ACCORDING TO GRAVITY:
- Light psoriasis: plaques are usually insulated and cover 2% or less of the entire body. The treatment that is usually used is topical.
- Moderate psoriasis: covers between 2-10% of the body and the treatments that are of topical use and the phototherapy.
- Severe psoriasis: covers more than 10% and is usually treated with phototherapy and oral medications.
ACCORDING TO THE SHAPE AND PATTERN OF THE SCALES:
- Psoriasis in plaques or vulgaris: is the most common form (80% of cases). The scales are made up of dead cells that are detached from the plaque. Other symptoms that may appear are pain, itching and cracking of the skin.
- Psoriasis guttata or in drops: usually appears during childhood and is manifested with the appearance of small red drops on the trunk and limbs and sometimes on the scalp.

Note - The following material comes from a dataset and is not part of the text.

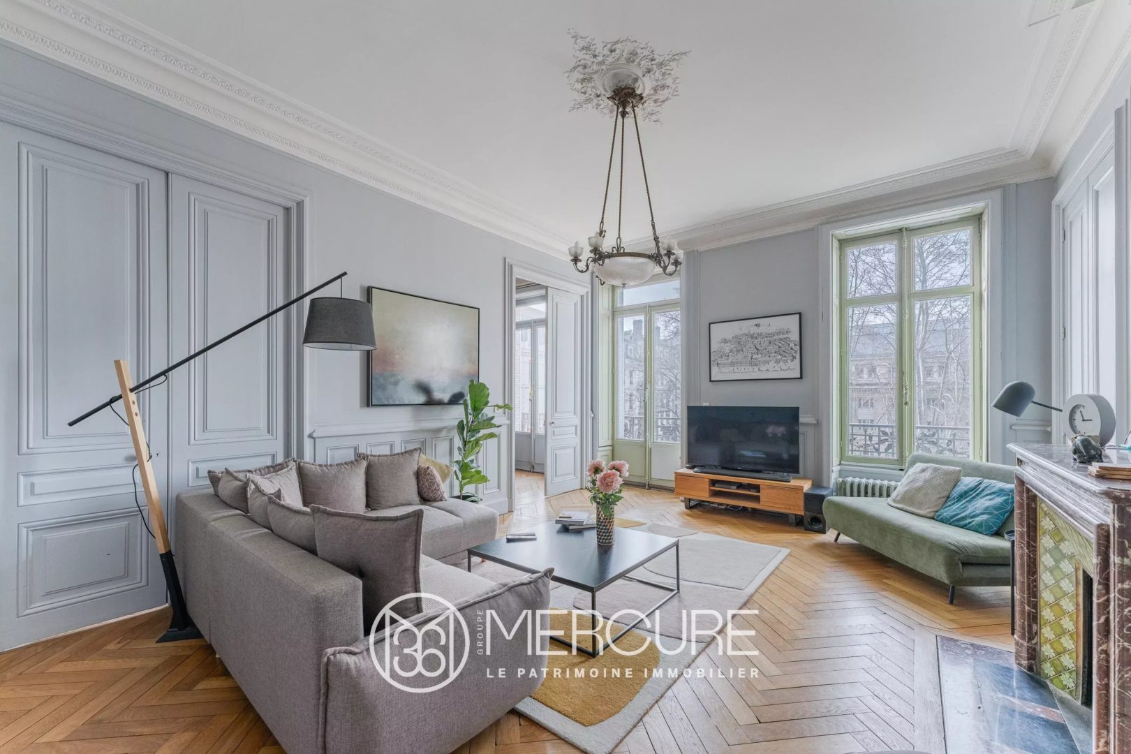 D’une superficie généreuse de 200 m², il séduit par ses volumes, sa luminosité et ses éléments d’époque soigneusement conservés. Il se compose d’un vaste séjour, d’un salon élégant, d’une grande cuisine indépendante, de quatre chambres, de deux salles de douche et de deux toilettes.

- Reverse Psoriasis (in folds): is characterized by not having scales, but redness and inflammation of the skin. Obese people are more likely to suffer from it as it is especially prone to appear as a result of rubbing and sweating. It usually appears in the armpits, English, under the breasts and in the folds of the genitals and buttocks.
- Erythrodermic psoriasis: il est caractérisé par un rougissement de la peau très forte et agressive affecte généralement la majeure partie du corps. It’s inflammatory and infrequent.
- Postulated generalized psoriasis or of Von Zumbusch: very rare and manifested with the appearance of red areas in large body areas that produce pain and pustules. When these pustules dry they reappear cyclically.
- Pustular located psoriasis: the pustules only appear on the hands and feet.
- Acropustulosis: The lesions are located in the tips of the fingers and sometimes in the feet. They can become very painful.
Although always considered as exclusively cutaneous disease, it’s now known that the inflammatory phenomena that lead to the appearance of plaques of psoriasis favor the manifestation of other systemic diseases (comorbidity).
It’s for this reason that the early diagnosis of psoriasis and the routine monitoring of other diseases that coexist in the patient is very important. The presence of this comorbidity often determines the treatment to be prescribed to treat psoriasis and the patient’s overall prognosis.
Frequently, the use of topical preparations is advised and in the case of severe psoriasis it’s usually co-administered oral drugs. However, it should be noted that it is common for psoriasis to affect a large part of the body or to have a chronic course, which contraindicates the use of these drugs because of their adverse effects. For this reason it is especially useful to treat it with phototherapy, which consists of the application of ultraviolet radiation of type A and/or B.
It affects between 10-30% of patients with psoriasis. It’s characterized by chronic inflammation of the joints, with redness, pain and inflammation. It can appear at any time although it usually appears between 30 and 50 years.
It mainly affects the fingers and toes, the wrists, the lumbar spine, the sacrum and knees. It’s very important to take this disease in time to avoid complications.